Küresel ısınma meselesine bağlı olarak grip aktivitesinin, ülkemizin de bulunduğu coğrafyada artık kasım sonu üzere başladığını ve mayıs ayı sonuna dek devam ettiğini kaydeden Prof. Dr. Badur, grip aşısının kasım ayından itibaren yapılması gerektiğini söyledi. Gripten korunmada el hijyeni ve maske kullanımının tesirli olduğunu hatırlatan Prof. Dr. Badur, grip aktivitesinin tesirli olduğu periyotta kalabalık ortamlara girilmemesini önerdi.
‘GRİP HER YIL 3-5 MİLYON KİŞİYİ ETKİLİYOR’
‘GRİP KAMYON ÇARPMIŞ ÜZERE HİSSETTİRİYOR’
Gribin belirtilerine dikkat çeken Prof. Dr. Badur, “Grip, ani başlayan ateş ve çok halsizlik, öksürük, boğaz ağrısı, baş ağrısı, burunda tıkanıklık, akıntı, kas ve eklem ağrıları ile seyreder. Hastalar gribin bu özellikleri ile karakterize klinik tabloyu sıklıkla ‘kamyon çarpmış’ üzere diye tanımlamaktadır. Ateş, eklem ve kas ağrılarının olmaması, nezle (soğuk algınlığı) üzere daha hafif seyreden öbür teneffüs yolu hastalıklarını düşündürür” dedi.
‘RİSKLİ KÜMELERDE TEHLİKELİ SONUÇLARA YOL AÇABİLİR’
Gribin bilhassa riskli kümeler üzerindeki tesirlerine dikkat çeken Prof. Dr. Selim Badur, “Grip kolay bir teneffüs yolu hastalığı değildir. Riskli kümelerde direkt ya da kalp krizi, inme riskini artırarak dolaylı ölümlere yol açabilmektedir” ikazında bulundu.
Grip ve üst teneffüs yolu enfeksiyonlarında risk kümesinde bulunanların Dünya Sıhhat Örgütü (DSÖ) tarafından tanımlandığını kaydeden Prof. Dr. Badur şunları söyledi:
“Risk kümeleri, aslında aşılanması gerekenler listesinde yer alan bireylerdir; bu kümeleri listeleyen DSÖ, 65 yaş üstü bireyleri, 6 ay-5 yaş ortası çocukları, kronik hastalığı olanları, sıhhat çalışanlarını, hamileler ve altta yatan hastalığı olan (astım, diyabet, HIV ile enfekte olanlar, kronik kalp-akciğer-böbrek hastalığı olanlar gibi) şahısları risk kümeleri olarak tanımlamıştır.

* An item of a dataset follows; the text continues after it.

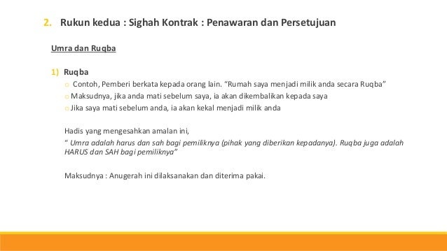 Hibah definisi rukun syarat dan dalil. 1 Aqidain or ang yang memberikan dan orang yang yang diberi atau wahib dan mauhub lah. Syarat Pemberi Hibah Al-Wahib adalah orang yang merdeka bukan budak berakal sehat telah mencapai usia baligh dan pemilik dari barang yang dihibahkan. Sebagaimana transaksi-transaksi yang lain di dalam ijarah juga disyaratkan shigat dari pihak penyewa dan pihak yang menyewakan dengan bentuk kata-kata yang menunjukan terhadap transaksi ijarah yang dilakukan.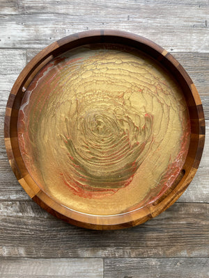 "The Audition Collection" Warm Metallic Neutrals Medium Round Acacia Wood Tray

“Türkiye Cumhuriyeti Sağlık Bakanlığı ise 65 yaş üstü ve 2 yaş altındakiler, 6 ay-18 yaş ortasında olup uzun vadeli aspirin kullananlar, diyabet dahil rastgele bir metabolik hastalığı olanlar, astım dahil kronik hastalığı olanlar, kronik kalp-damar ve böbrek hastaları, bağışıklığı baskılanmış bireyler, çok kilosu olanlar, huzurevi-bakımevi üzere topluca bir ortada yaşanılan yerlerde kalanlar ve hamileleri listesine almıştır. Bu kümelerin doğal olarak aşılanması gereken kümeler olduğunu da belirtmek gerekir ve ülkemizde kelam konusu kümelerin mensuplarının fiyatsız aşılanmaları kelam hususudur.”
Prof. Dr. Selim Badur, grip aşısının 6 aydan büyük herkese önerildiğini belirterek “Ancak risk kümelerindeki bireyler ve bunların yakın temaslıları ve sıhhat çalışanları grip aşısının öncelikle yapılması gereken gruplardır” dedi.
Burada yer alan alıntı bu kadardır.